Event survival table

To make the pipeline’s decisions transparent, a small “survival table” is stored:

  • /lm/event_survival : [N_events, 3] int32

Columns:

  1. event_index — row index into the /lm event/hit datasets.
  2. first_cone_index — index into /cones/* for the first cone built from this event, or -1 if the event never produced a cone.
  3. first_imaged_cone_index — cone index for the first cone that both was built and intersected the plane (i.e. appeared in /lm/cone_pixel_indices), or -1 if none of that event’s cones hit the plane.

Together, the mapping looks like:

hit (lm/hit_*)   ← event_index ← event_survival[:, 0]
                               ↘ first_cone_index      → cones/*
                                ↘ first_imaged_cone_index → cone_pixel_indices

If you need more detailed correlations (e.g. many cones per event), you can walk:

  1. /cones/event_index to find all cones belonging to an event;
  2. /lm/cone_pixel_indices to find all pixels touched by each cone.

Adapter-specific extras

Adapters are allowed to attach additional, source-specific information under /meta and elsewhere, as long as the core layout described above remains stable.

At the moment there are two main adapter families with extra payloads:


PHITS adapter (phits_usrdef)

The PHITS adapter may populate ragged list-mode datasets under /lm/hits and /lm/events as a more PHITS-like representation of the input, mainly for debugging and cross-checks:

  • /lm/hits

    • event_ptr : CSR-style pointer array (length = N_events + 1)
    • x_cm, y_cm, z_cm, t_ns, Edep_MeV, reg : flat per-hit arrays
  • /lm/events

    • event_type : 0 = unknown, 1 = n, 2 = g, 3 = mixed
    • iomp, batch, history, no, name : PHITS event bookkeeping

These datasets are optional and may be omitted when the PHITS adapter is not used.


NOVO DDAQ ROOT adapter (root_novo_ddaq)

When the NOVO DDAQ ROOT adapter is used, additional run-level metadata from the ROOT meta TTree are persisted under:

  • /meta/root_novo_ddaq : group

Run-level scalar fields are stored as group attributes, mirroring the ROOT metadata where available:

  • InputFileName
  • OutputFileName
  • CDFFileName
  • PSDCutsFileName
  • SampleRate
  • NumDet
  • NumThreads
  • WriteHistograms
  • MergeMode
  • CardOffsetChannel
  • UsePositionVeto

In addition, a normalized integer run identifier is exposed as:

  • run_number (attribute on /meta/root_novo_ddaq)

This is intended to capture the “run number” used in NOVO data taking (e.g. ..._000041.rootrun_number = 41).

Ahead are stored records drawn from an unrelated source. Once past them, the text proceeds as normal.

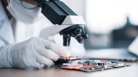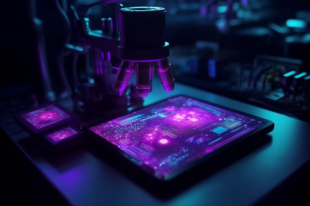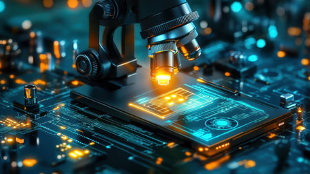 A high-tech microscope is positioned over a circuit board exhibiting illuminated components while a digital data display presents intricate details in this futuristic setting.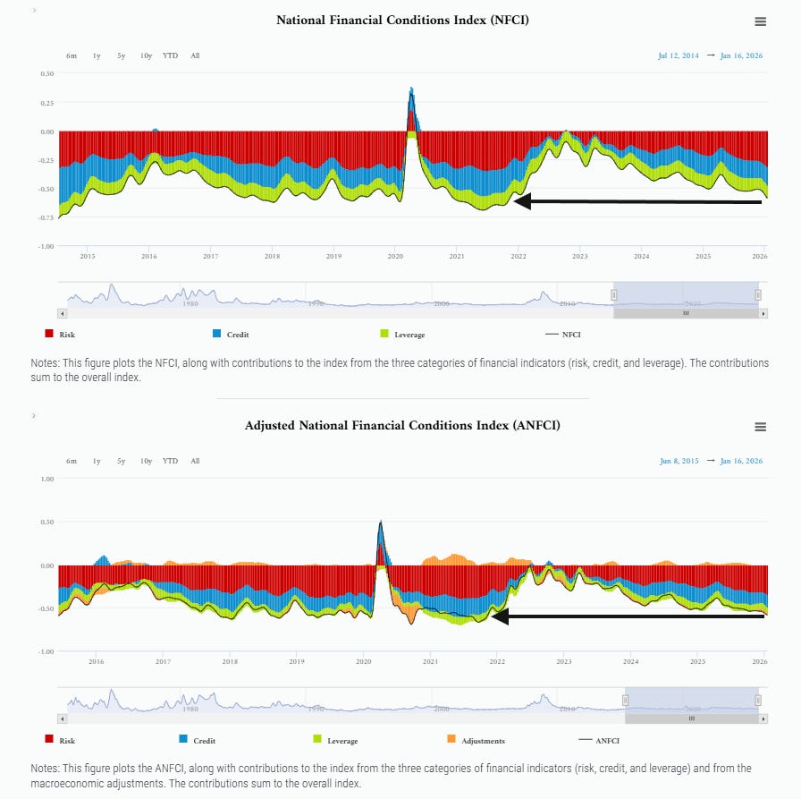 The Chicago Fed National Financial Conditions Index* and its adjusted counterpart took another step down (looser) to the least (loosest) since Nov ‘21 in the week through Jan 16th.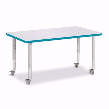 The perfect table for any occasion. Accommodates up to 6 chairs. The legs adjust from 20” to 31” high, are 2” thick, and feature heavy-duty casters. Freckled gray tabletop with teal TRUEdge, gray legs, and gray casters.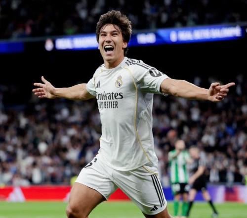西甲第18轮,皇马主场5-1击败贝蒂斯。21岁的贡萨洛-加西亚,成为最闪耀的球员:头球、左脚、右脚各入1球,上演完美帽子戏法!赛后,皇马主席弗洛伦蒂诺进场,给贡萨洛-加西亚送上祝贺。

When the adapter cannot infer a run number, it may omit this attribute or use a sentinel value.

Per-detector geometric and timing metadata from the ROOT file are collected into a small table under:

  • /meta/root_novo_ddaq/detectors : group

with the following datasets (length = NumDet):

  • det_id : [NumDet] int32
  • pos : [NumDet, 3] float32 – detector position (PosX, PosY, PosZ) in mm
  • dim : [NumDet, 3] float32 – detector dimensions (DimX, DimY, DimZ) in mm
  • rot_deg : [NumDet, 3] float32 – detector rotations (RotX, RotY, RotZ) in degrees
  • local_time_offset : [NumDet] float32 – local timing offset in ns
  • global_time_offset: [NumDet] float32 – global timing offset in ns
  • pos_cal_file : [NumDet] string – per-detector position calibration filenames
  • energy_cal_file : [NumDet] string – per-detector energy calibration filenames
  • is_start_det : [NumDet] int8 – 1 if marked as a start detector, else 0
  • is_laser_det : [NumDet] int8 – 1 if marked as a laser detector, else 0

Each numeric dataset carries a units attribute ("mm", "deg", "ns") to make downstream interpretation explicit.

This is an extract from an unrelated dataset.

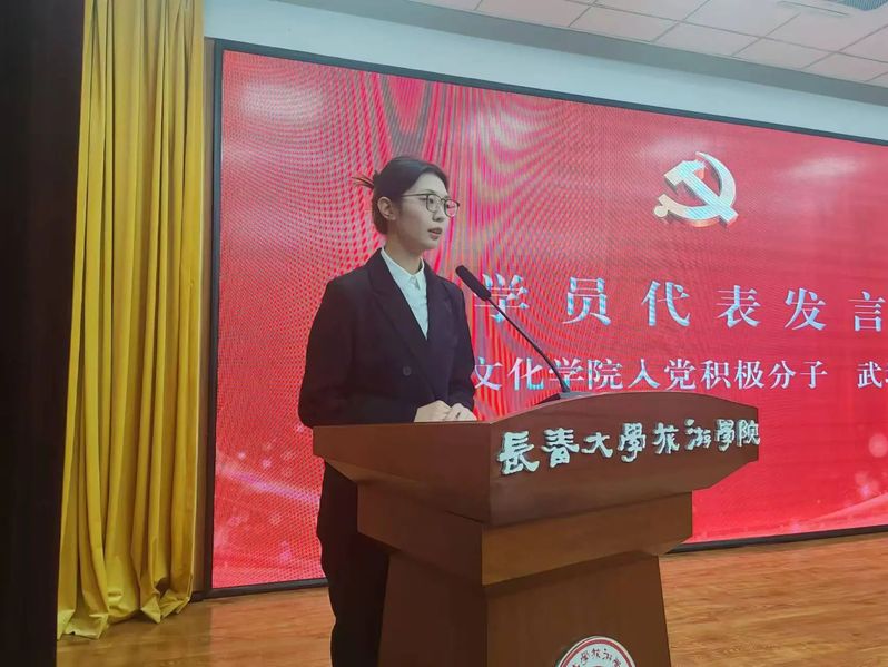 旅游文化学院武境湫同学作为学员代表发言。她表示入党积极分子要以饱满的热情投身到党的各项事业中去,做有为青年,争做符合党和人民期望的社会主义建设者和接班人。

The /meta/root_novo_ddaq layout is intended to be forward compatible: new attributes or datasets may be added in future versions, but existing ones should not be removed or change meaning.

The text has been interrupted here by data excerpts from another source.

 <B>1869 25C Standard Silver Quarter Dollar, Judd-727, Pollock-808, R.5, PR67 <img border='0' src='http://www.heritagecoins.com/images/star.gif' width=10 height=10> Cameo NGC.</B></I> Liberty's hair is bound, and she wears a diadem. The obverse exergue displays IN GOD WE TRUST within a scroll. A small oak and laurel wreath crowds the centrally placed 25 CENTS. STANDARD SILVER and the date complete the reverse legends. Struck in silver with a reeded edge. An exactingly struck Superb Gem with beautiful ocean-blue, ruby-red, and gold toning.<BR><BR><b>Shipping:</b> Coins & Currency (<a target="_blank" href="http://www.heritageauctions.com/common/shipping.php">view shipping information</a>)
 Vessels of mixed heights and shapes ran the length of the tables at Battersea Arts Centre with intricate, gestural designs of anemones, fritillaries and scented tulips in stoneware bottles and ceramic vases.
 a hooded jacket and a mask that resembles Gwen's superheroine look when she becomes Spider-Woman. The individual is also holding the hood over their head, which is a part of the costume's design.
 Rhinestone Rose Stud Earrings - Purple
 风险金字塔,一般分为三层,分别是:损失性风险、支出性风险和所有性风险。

Versioning and compatibility

The root attribute format_version records the HDF5 schema version. Minor additions (e.g. new counters or label arrays) are made in a way that keeps existing code working; new consumers should always check for dataset existence before assuming it is present.

If you are scripting against the file format, consider:

  • gating on format_version,
  • using the label arrays (*_labels) rather than hard-coding integer codes, and
  • relying on /meta/config_toml to reproduce or document the run settings.